Evaluation of the insightRX software package for the pharmacokinetic analysis of infliximab data in patients with inflammatory bowel disease
Abstract
Abstract
Background
Inflammatory bowel disease (IBD) is identified as chronic intestinal inflammation, mostly ulcerative colitis (UC) and Crohn's disease (CD). The treatment of IBD is mainly known by the use of infliximab (IFX), a chimeric immunoglobulin G monoclonal antibody against tumour necrosis factor alpha. Infliximab trough levels vary between IBD patients; its effectiveness during treatment is associated with maintaining a trough concentration between 3 and 7 µg/mL.9 Therefore, adjustment of dosage regimens to achieve this target range is required in clinical practice.

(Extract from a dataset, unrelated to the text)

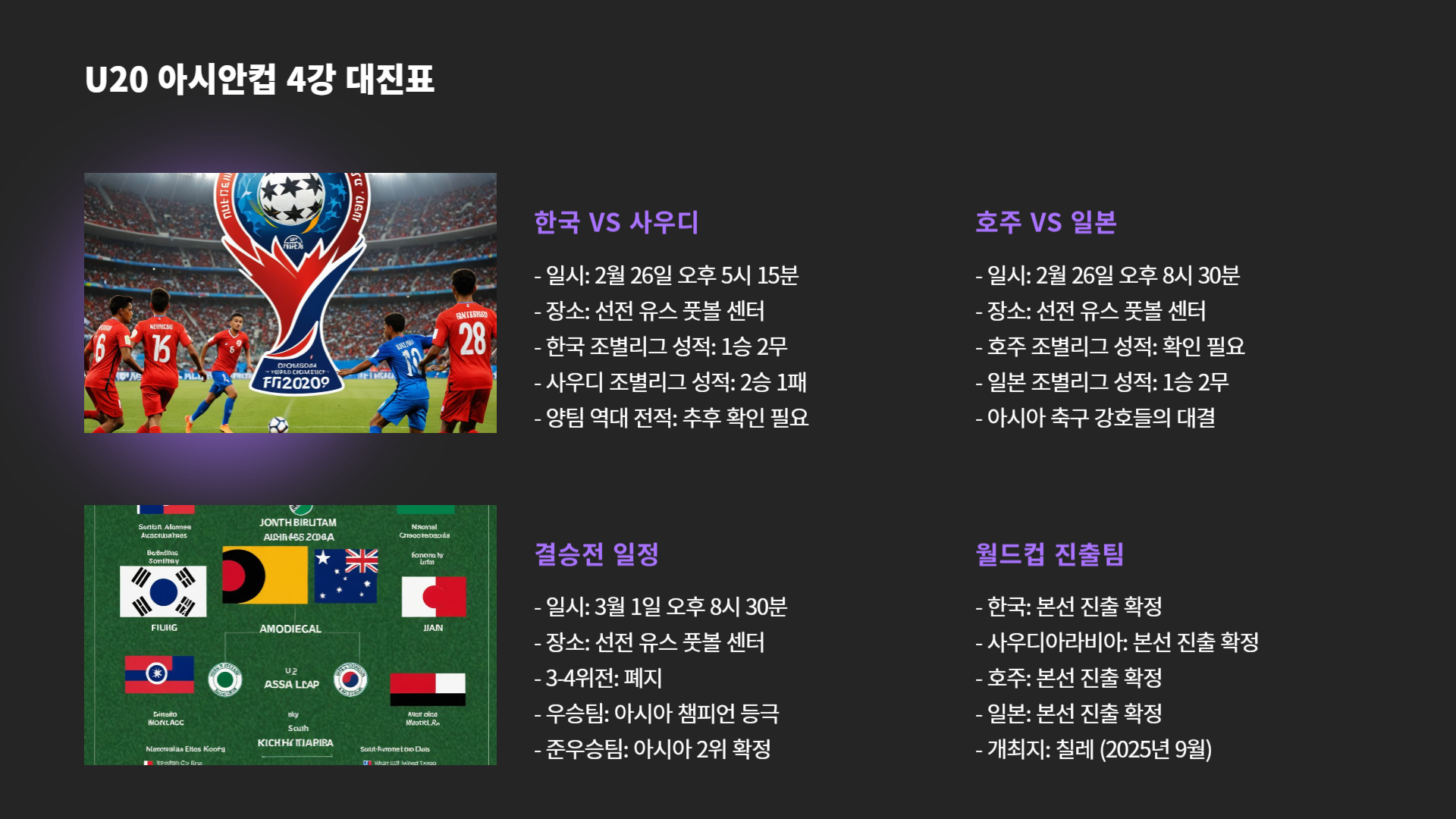 이번 4강전에는 한국, 사우디아라비아, 호주, 일본이 진출했으며, 이 네 팀은 이미 2025 U20 월드컵 본선 티켓을 확보한 상태입니다. 하지만 여기서 멈출 수 없죠. 이제 목표는 우승입니다.

InsightRX® is a maximum; posteriori probability Bayesian software package that can be used to help in designing new dosage regimens.11,12
Objective
This study aims to evaluate the performance of previously developed population pharmacokinetic (PK) model in IBD patients for dose individualization for CD and UC patients in a clinical setting.
Method
Bayesian analysis was conducted among a cohort of 10 adult patients with IBD who had IFX trough concentrations measured using a published population PK model based on data from 112 children in the REACH trial and 450 adults in the ACCENT trial (2011). Infliximab PK parameters and concentrations were then predicted based on each patient’s dosing history and compared with population estimates and actual measured concentrations, respectively, by calculating mean prediction error (MPE) for bias and root square prediction error (RSME) for imprecision. In addition, recommended dosing regimens and model fit for each patient were examined to assess the efficient use of software in a clinical setting.
Key findings
The predictive performance of the model varied between induction and maintenance phases. Individual clearance prediction was found to be accurate and precise at the induction phase; MPE was 74.0 mL/day (–68.4 to 216.4 mL/day) and RSME was 83.3 mL/day. Concentration prediction was accurate in the maintenance phase, with no bias at 0.6 µg/mL (–0.8 to 2.0 mL/day) and 0.6 µg/mL of precision for first concentration; for the second concentration, this was –1.2 µg/mL (–2.8 to 0.3 mL/day) of MPE and 0.3 of RSME.
Conclusion
The study highlights the importance of sufficient data information for obtaining good predictions. The software proved its efficient use within clinical practice in terms of designing multiple dosage regimens and displayed the kinetics of the drug, thus enhancing a better understanding of patient outcomes.